[[ RAW DATA, beginning ]]

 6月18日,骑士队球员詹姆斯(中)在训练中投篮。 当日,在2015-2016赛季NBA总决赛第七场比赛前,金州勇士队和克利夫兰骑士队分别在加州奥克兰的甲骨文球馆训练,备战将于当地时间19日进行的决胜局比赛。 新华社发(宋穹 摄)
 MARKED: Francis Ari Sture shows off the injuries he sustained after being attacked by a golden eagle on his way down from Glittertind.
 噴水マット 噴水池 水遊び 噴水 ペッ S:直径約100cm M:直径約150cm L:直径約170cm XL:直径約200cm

[[ RAW DATA, end ]]
[[ RAW DATA, beginning ]]

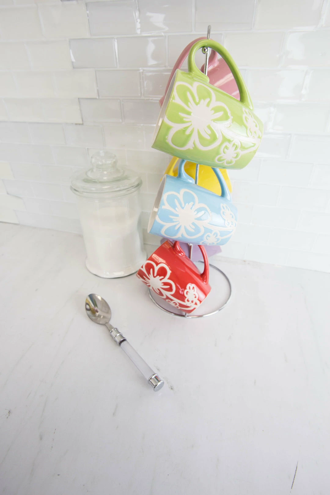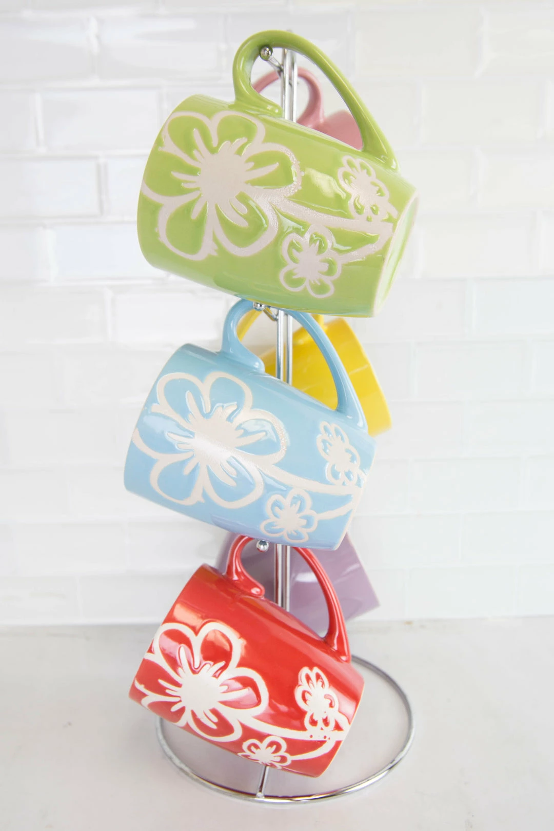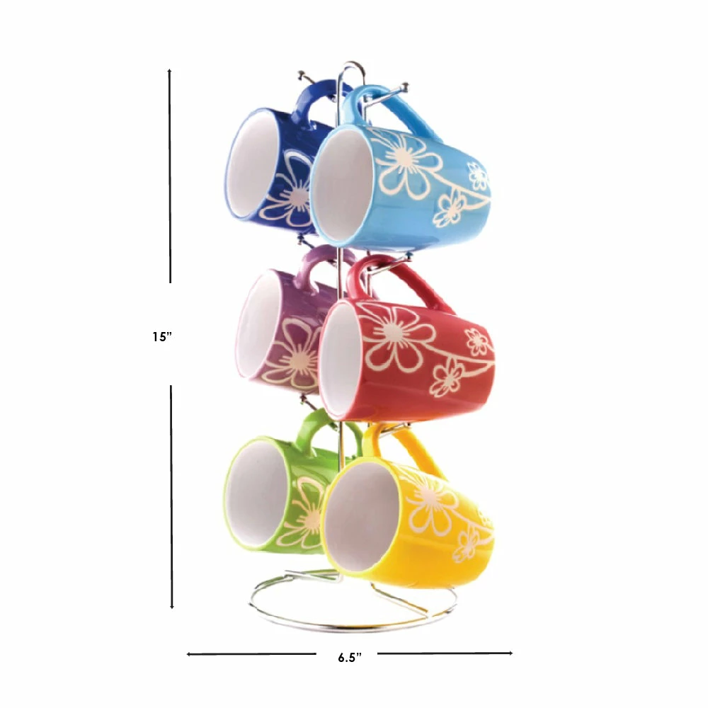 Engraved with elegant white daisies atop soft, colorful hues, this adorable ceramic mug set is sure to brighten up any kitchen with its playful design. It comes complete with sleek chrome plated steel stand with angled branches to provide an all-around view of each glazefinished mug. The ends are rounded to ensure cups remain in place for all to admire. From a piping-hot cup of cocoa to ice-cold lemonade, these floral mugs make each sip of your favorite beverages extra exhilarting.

[[ RAW DATA, end ]]
[[ RAW DATA, beginning ]]

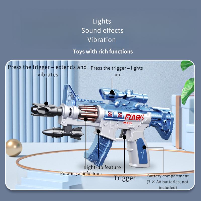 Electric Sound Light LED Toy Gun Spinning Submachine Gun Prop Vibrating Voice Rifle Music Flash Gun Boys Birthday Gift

[[ RAW DATA, end ]]

> [EXERCISE PROMPT]: Above this instruction are the records; retype exactly the lines from the one containing "MARKED: Francis Ari" up to and including the one containing "噴水マット 噴水池 水遊び".

> [OUTPUT FOR THIS EXERCISE]:
 MARKED: Francis Ari Sture shows off the injuries he sustained after being attacked by a golden eagle on his way down from Glittertind.
 噴水マット 噴水池 水遊び 噴水 ペッ S:直径約100cm M:直径約150cm L:直径約170cm XL:直径約200cm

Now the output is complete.